=== WHAT THE TASK REQUIRES ===
Scan the records beneath this line for the line holding "Zestaw dwóch eleganckich" and the line holding "If the external", then transcribe exactly those two and all lines between.

=== MATERIAL TO PROCESS ===
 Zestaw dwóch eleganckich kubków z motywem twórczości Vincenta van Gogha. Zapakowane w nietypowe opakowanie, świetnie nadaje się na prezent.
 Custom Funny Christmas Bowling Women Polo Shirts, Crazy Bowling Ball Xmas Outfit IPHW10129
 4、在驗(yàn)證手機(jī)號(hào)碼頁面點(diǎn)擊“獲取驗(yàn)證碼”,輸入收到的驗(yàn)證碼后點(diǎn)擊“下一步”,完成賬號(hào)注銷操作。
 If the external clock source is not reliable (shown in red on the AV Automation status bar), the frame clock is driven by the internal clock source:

---

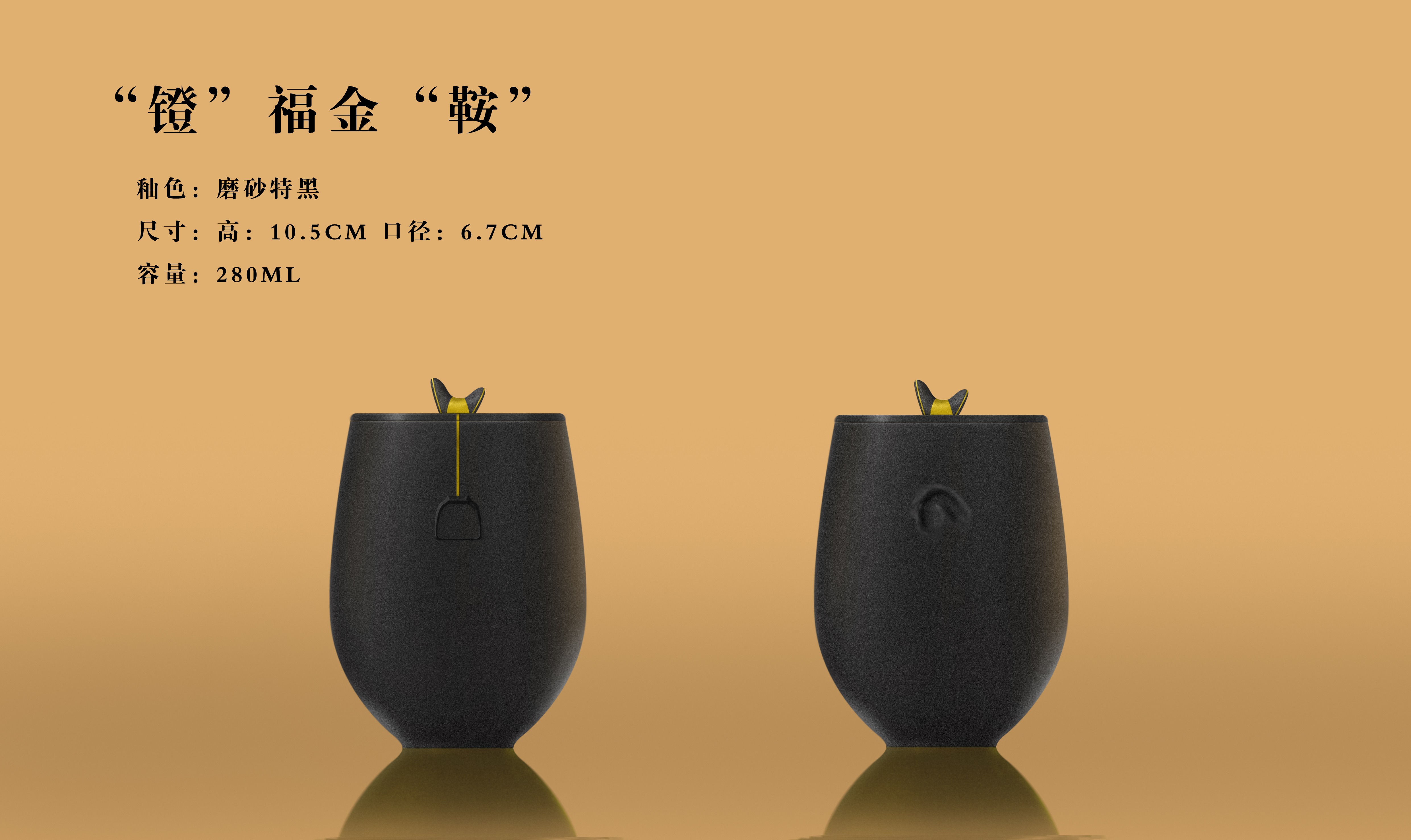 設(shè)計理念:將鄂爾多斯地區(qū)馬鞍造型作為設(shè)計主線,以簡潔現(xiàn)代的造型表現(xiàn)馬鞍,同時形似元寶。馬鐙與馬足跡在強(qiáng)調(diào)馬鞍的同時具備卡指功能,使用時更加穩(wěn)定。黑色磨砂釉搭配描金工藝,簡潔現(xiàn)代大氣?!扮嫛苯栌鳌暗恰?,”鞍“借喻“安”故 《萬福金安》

=== YOUR SOLUTION ===
 Zestaw dwóch eleganckich kubków z motywem twórczości Vincenta van Gogha. Zapakowane w nietypowe opakowanie, świetnie nadaje się na prezent.
 Custom Funny Christmas Bowling Women Polo Shirts, Crazy Bowling Ball Xmas Outfit IPHW10129
 4、在驗(yàn)證手機(jī)號(hào)碼頁面點(diǎn)擊“獲取驗(yàn)證碼”,輸入收到的驗(yàn)證碼后點(diǎn)擊“下一步”,完成賬號(hào)注銷操作。
 If the external clock source is not reliable (shown in red on the AV Automation status bar), the frame clock is driven by the internal clock source:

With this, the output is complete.